§ GIVEN INFORMATION
>>
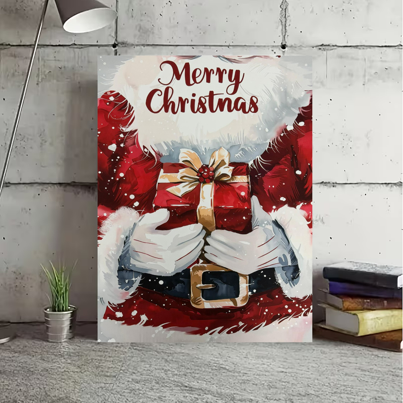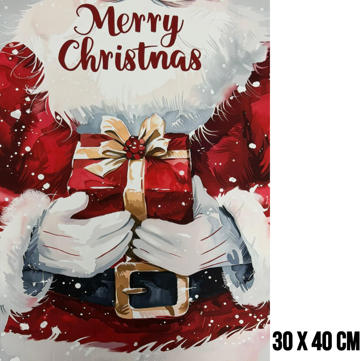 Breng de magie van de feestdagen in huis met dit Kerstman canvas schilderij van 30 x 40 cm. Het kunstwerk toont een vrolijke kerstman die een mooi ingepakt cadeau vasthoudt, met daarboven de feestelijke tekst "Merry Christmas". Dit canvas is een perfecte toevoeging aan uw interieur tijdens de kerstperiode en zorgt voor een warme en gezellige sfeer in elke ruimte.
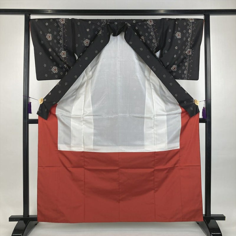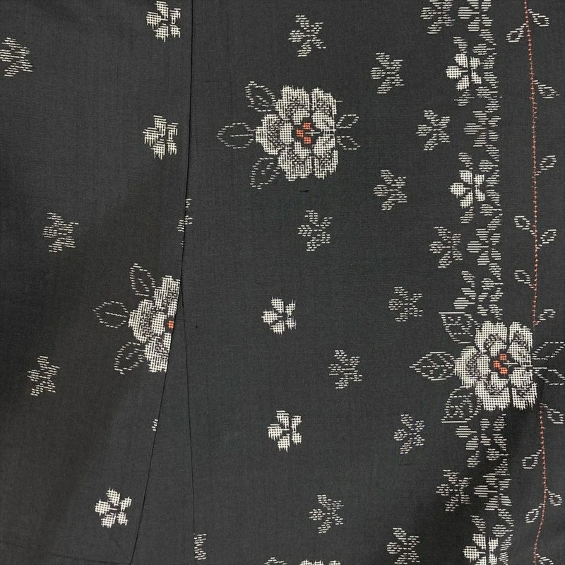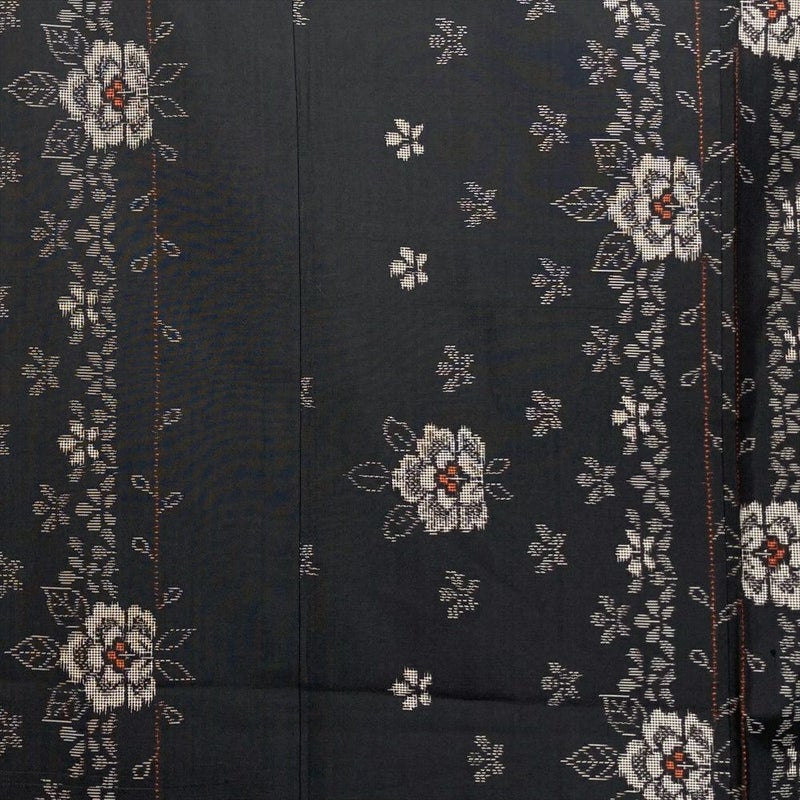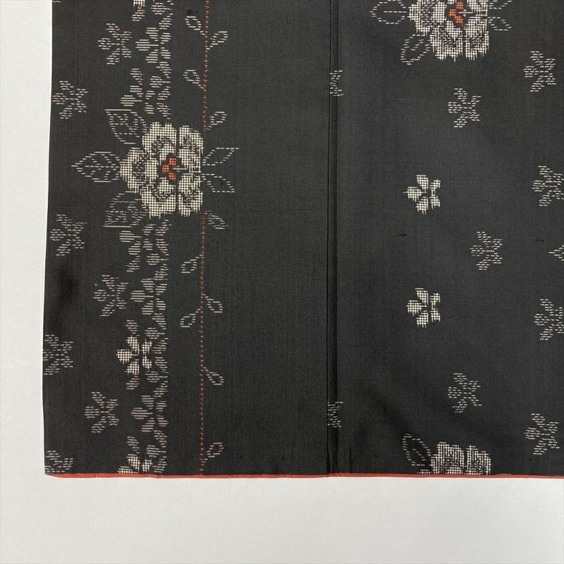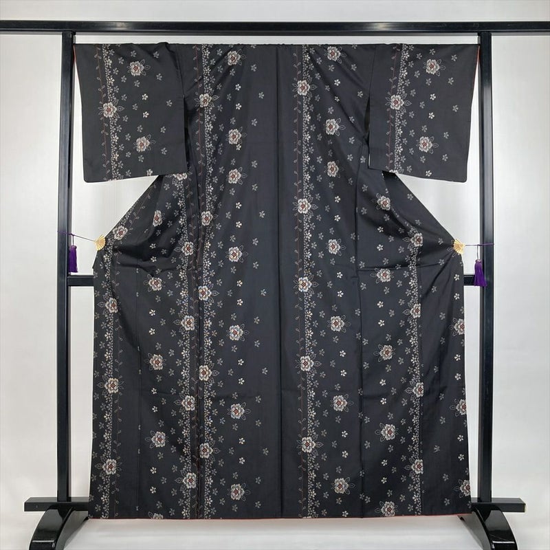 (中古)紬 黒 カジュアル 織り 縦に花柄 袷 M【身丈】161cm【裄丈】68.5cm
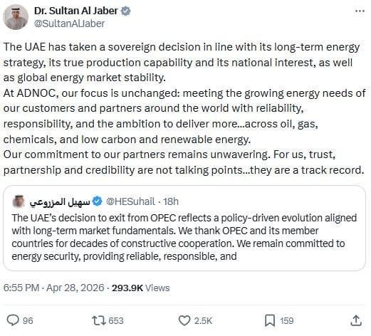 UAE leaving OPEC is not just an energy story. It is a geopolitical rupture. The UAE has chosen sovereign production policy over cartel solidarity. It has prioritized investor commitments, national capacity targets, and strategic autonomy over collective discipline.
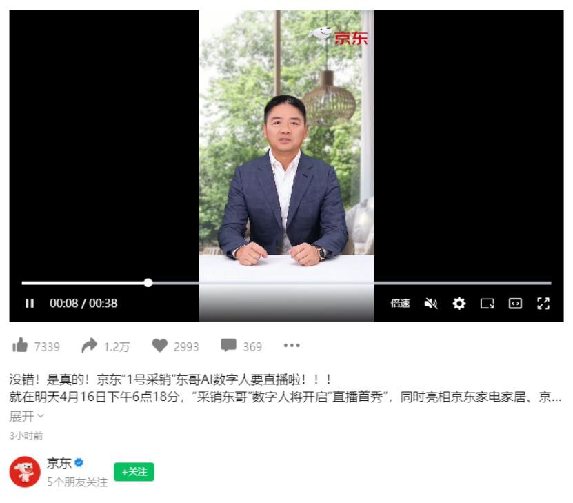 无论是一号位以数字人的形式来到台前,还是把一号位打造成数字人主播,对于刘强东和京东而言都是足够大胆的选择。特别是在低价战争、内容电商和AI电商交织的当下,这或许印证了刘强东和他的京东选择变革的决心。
<<
§ EXERCISE OBJECTIVE
Start to finish, write out the data above exactly, omitting all pictures.

§ RESPONSE AREA
 Breng de magie van de feestdagen in huis met dit Kerstman canvas schilderij van 30 x 40 cm. Het kunstwerk toont een vrolijke kerstman die een mooi ingepakt cadeau vasthoudt, met daarboven de feestelijke tekst "Merry Christmas". Dit canvas is een perfecte toevoeging aan uw interieur tijdens de kerstperiode en zorgt voor een warme en gezellige sfeer in elke ruimte.
 (中古)紬 黒 カジュアル 織り 縦に花柄 袷 M【身丈】161cm【裄丈】68.5cm
 UAE leaving OPEC is not just an energy story. It is a geopolitical rupture. The UAE has chosen sovereign production policy over cartel solidarity. It has prioritized investor commitments, national capacity targets, and strategic autonomy over collective discipline.
 无论是一号位以数字人的形式来到台前,还是把一号位打造成数字人主播,对于刘强东和京东而言都是足够大胆的选择。特别是在低价战争、内容电商和AI电商交织的当下,这或许印证了刘强东和他的京东选择变革的决心。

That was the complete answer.